Sometimes the simplest things are not given the attention they deserve. This research project grew out of a very simple, yet potentially very far-reaching idea. It was hypothesized that intrinsic motivation towards learning English would improve in a holistic classroom. We took "holistic" to mean: first, a class in which the learner is considered as a whole person with a mind, of course, but also with emotions and a body and, second, a class in which the language to be taught is kept "whole" rather than divided up artifically into this or that skill, this tense or that clause. Thus language was considered a meaning-carrying vehicle for real communication, not something to be divided up and studied in context-free grammar exercises.

Some of the implications of a holistic approach which are in accordance with current theory about language learning are the following: (1) personal meaningfulness is essential for deep, permanent learning to occur, (2) students have feelings and bodies which also need to be taken into consideration, (3) real communication (not just artificial information gap exercises) provides a powerful motor for learning, (4) the group dynamic determines to a great degree just how much any teacher can achieve.

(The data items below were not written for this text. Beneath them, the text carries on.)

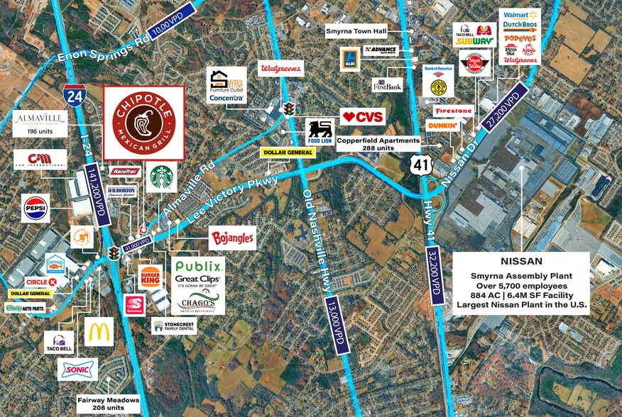 The subject property is a newly constructed Chipotle drive-thru located in Smyrna, TN. It is positioned in front of a busy Publix within a high-traffic retail corridor. The 15-year absolute NNN lease is corporately guaranteed by Chipotle Mexican Grill, Inc. (NYSE: CMG) and includes 10% rental increases every 5 years in the primary term and in the (4) five-year option periods. The property sits at the signalized intersection of Lee Victory Parkway and Almaville Road, with combined traffic counts of approximately 41,000 vehicles per day. It is also just minutes from the largest Nissan manufacturing plant in the United States, employing over 5,700 people.
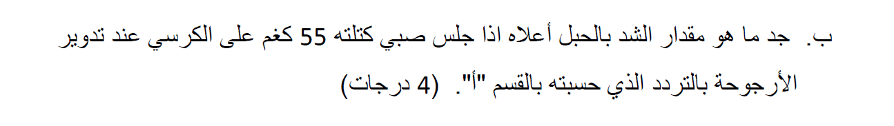 وزن الكرسي والقوة التي يشغّلها الصبي على الكرسي لأسفل (هذه القوة تساوي وزن الصبي).
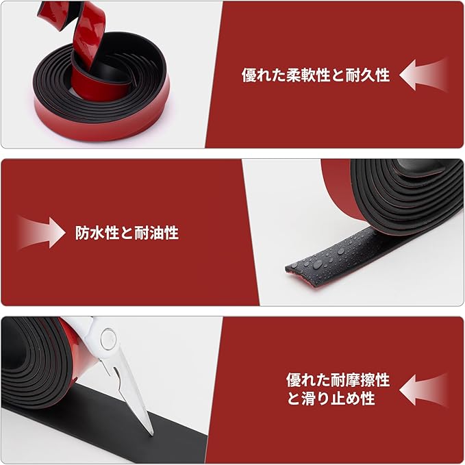 粘着性があるゴム板:このゴムシートは粘着テープが付属しており、保護テープを剥がしてすぐに取り付けることができます。とても簡単と便利なゴムロールです。
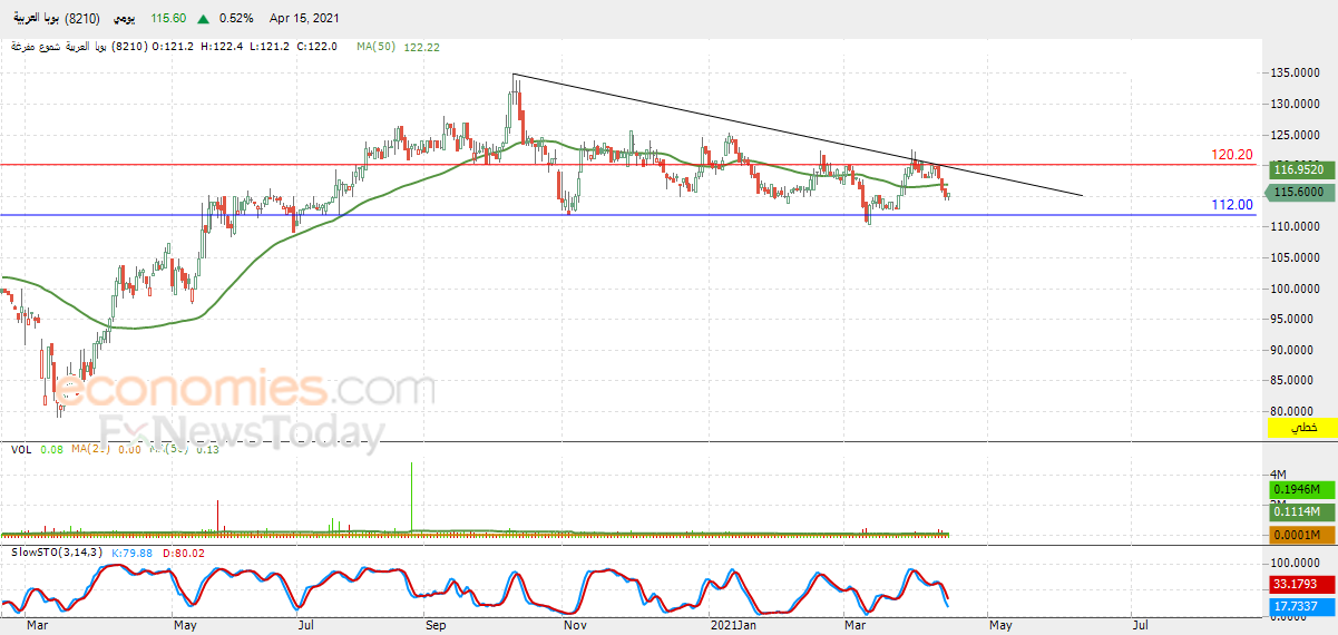 نطاق التداول المتوقع لهذا اليوم ما بين مستوى الدعم 112.00 ومستوى المقاومة 120.20.
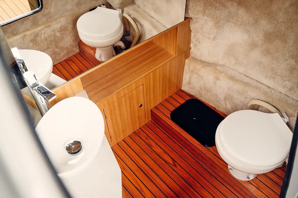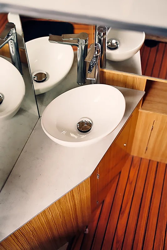 Oprema: centralna konzola s profesionalnim panelom, hidrauličko kormilarenje, bilge pumpa, električni vodeni sustav, hladnjak, spremišta za vodene rekvizite
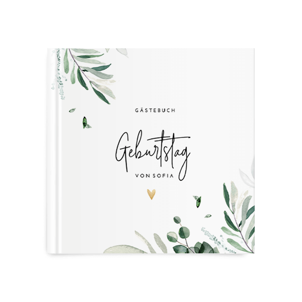 Gästebuch für die Geburtstagsfeier mit Zweigen und Herzchen 30x30 cm
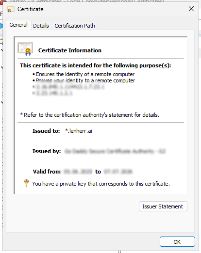 We now have successfully configured a new certificate for our Windows Admin Center instance.

We focused specifically on the question of motivation and attitudes because studies in the psychology of learning leave no doubt that without motivation little can be learned (Williams and Burden 1997). If we are not concerned with increasing our learners' motivation, we are like carpenters who expect to make a piece of furniture without a hammer or a saw. Given the clear need for motivation, the real question lies in what is motivating. Obviously, in the groups that we worked with - second-year university students - one important source of motivation is passing the course, getting good grades: extrinsic factors. However, research has shown that intrinsic motivation - involvement with the activity at hand and receiving enjoyment from it - is a much more significant source of learning energy (Brown 1994). On primary and secondary levels, intrinsic motivation would probably be even more significant. It is important for learners to enjoy learning in the present moment, rather than merely to think about how English will be useful for them five years from now. So we wanted to explore the hypothesis that Whole Person Learning and Whole Language Learning could lead to more intrinsically motivated students. What we did was designed specifically for upper intermediate-advanced level students but, taking their particular characteristics into account, the principles would work with any level.